Divide the batter into the pans and bake in the middle of oven until springy to the touch and a cake tester comes out clean, about 20-30 minutes. Cool cakes in pans for 10 minutes, run a knife around edges, turn onto racks and peel off the parchment paper. Let the cakes cool completely.
8 ounces dark or bittersweet chocolate, finely chopped
1 cup whipping cream
1/4 cup unsalted butter
Heat the cream in a small saucepan over medium heat. Once it simmers, pour half of the cream into the chopped chocolate and stir together to start melting the chocolate. Pour the rest of the cream in and stir until all the chocolate has melted. Add the 1/4 cup butter and stir until it has dissolved. Let the ganache cool for at least an hour.
Melt 2 cups of chocolate chips in the microwave (in 15 second increments) or in a heatproof bowl over a pan of simmering water.

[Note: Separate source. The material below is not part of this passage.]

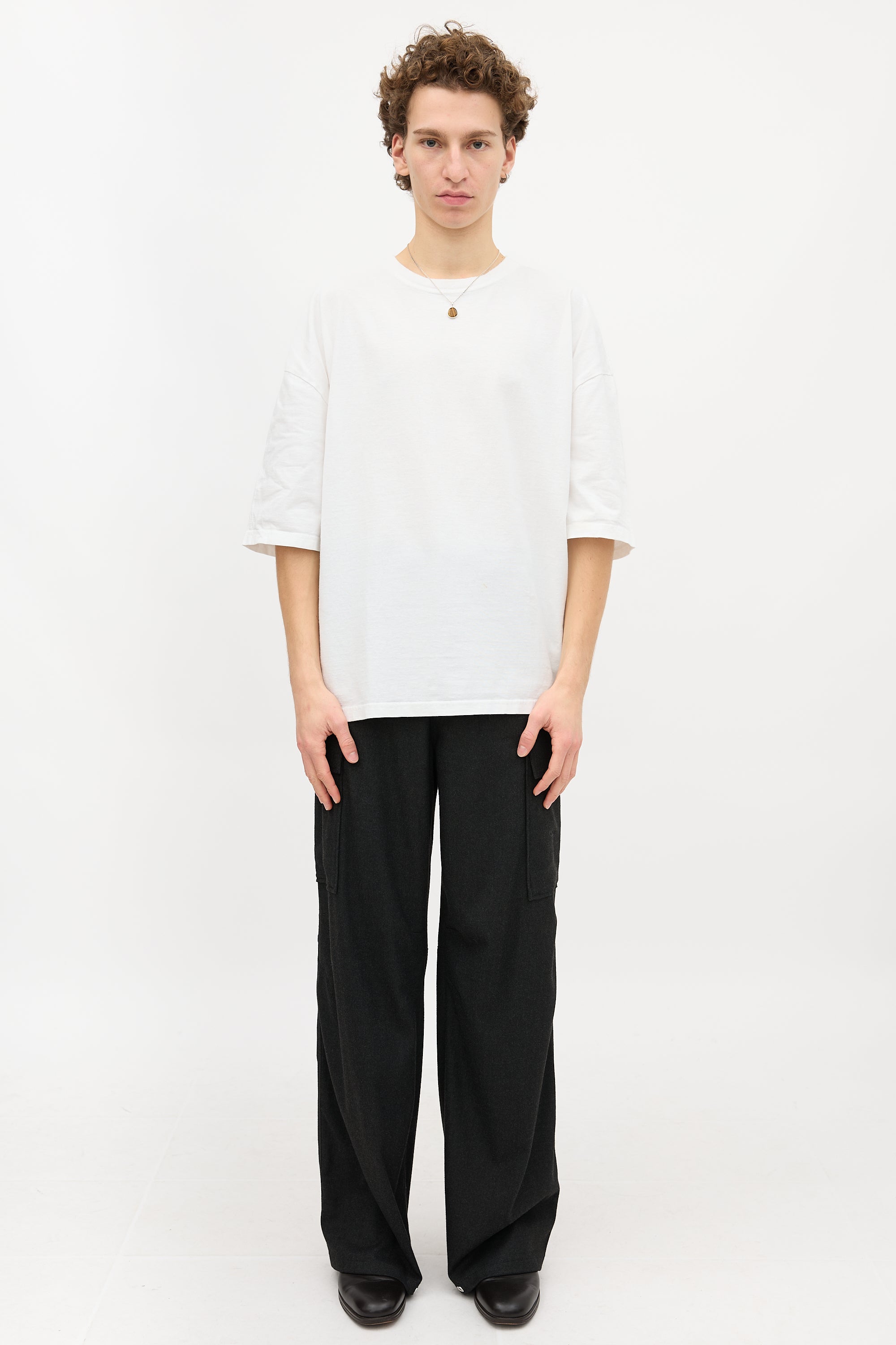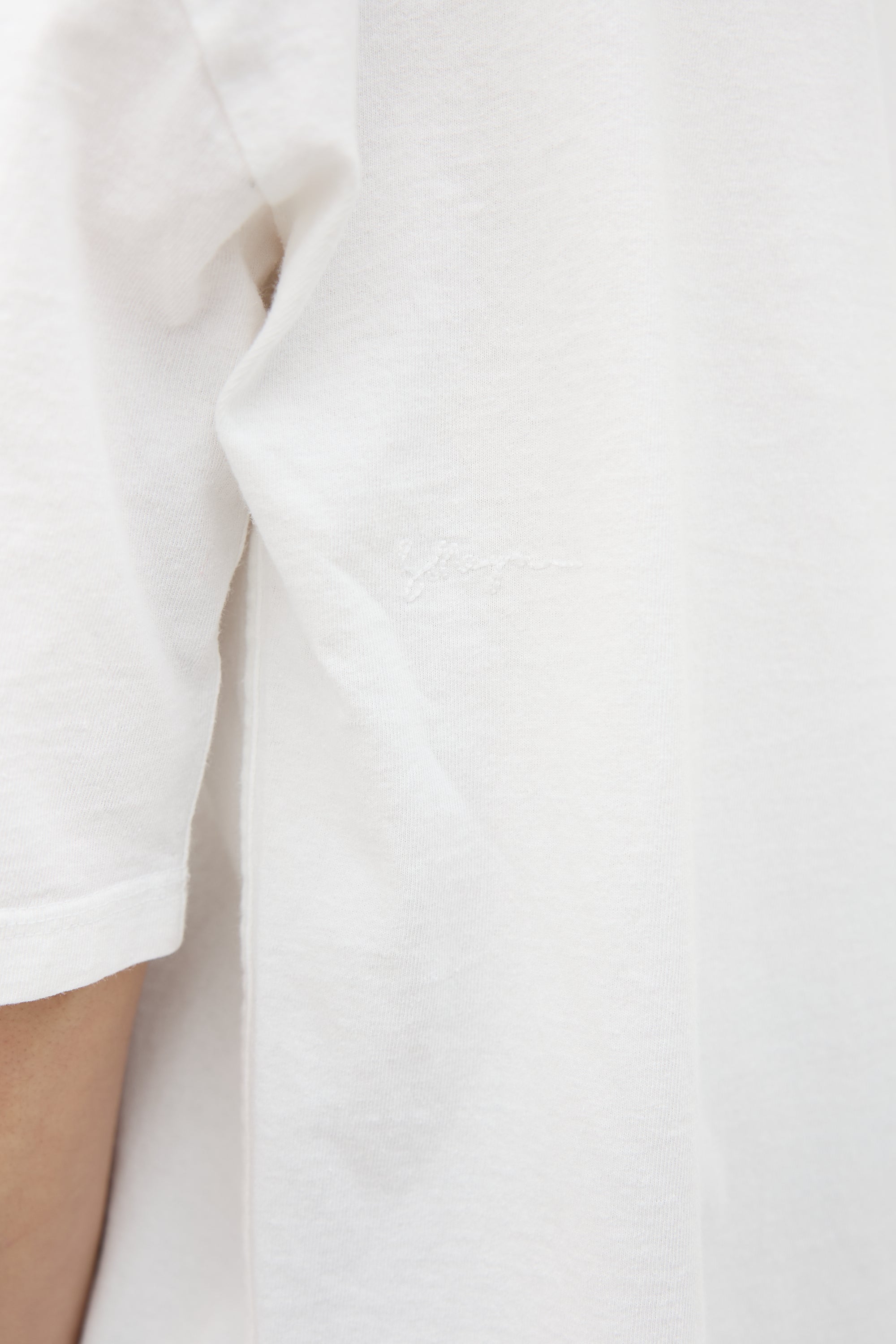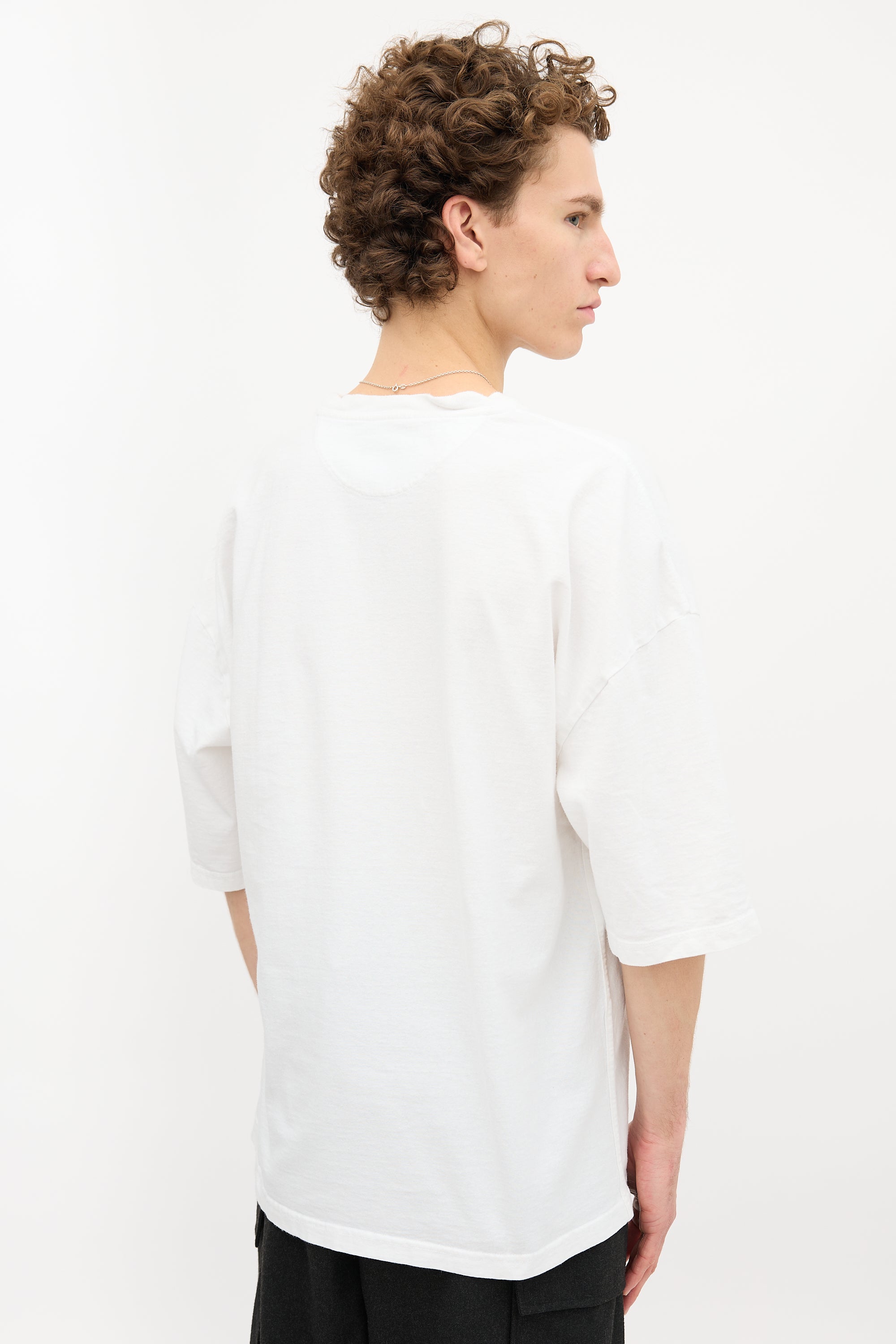Pre-owned Bottega Veneta white mid-weight T-shirt featuring a crew neckline, dropped shoulder, tonal logo embroidery at back side, and boxy silhouette.

Place one layer of the cake on your plate. Trim the top if it is uneven. Pour half of the melted chocolate over top and smooth. Place the cheesecake on top and pour the other half of melted chocolate over the cheesecake. Place the second layer of cake on top. If the layer is uneven, trim it. Once the ganache has cooled and thickened, pour it over the cake. It doesn’t need to be perfect – the more rustic the better!
Store the cake in the fridge. Take it out 20 minutes before serving.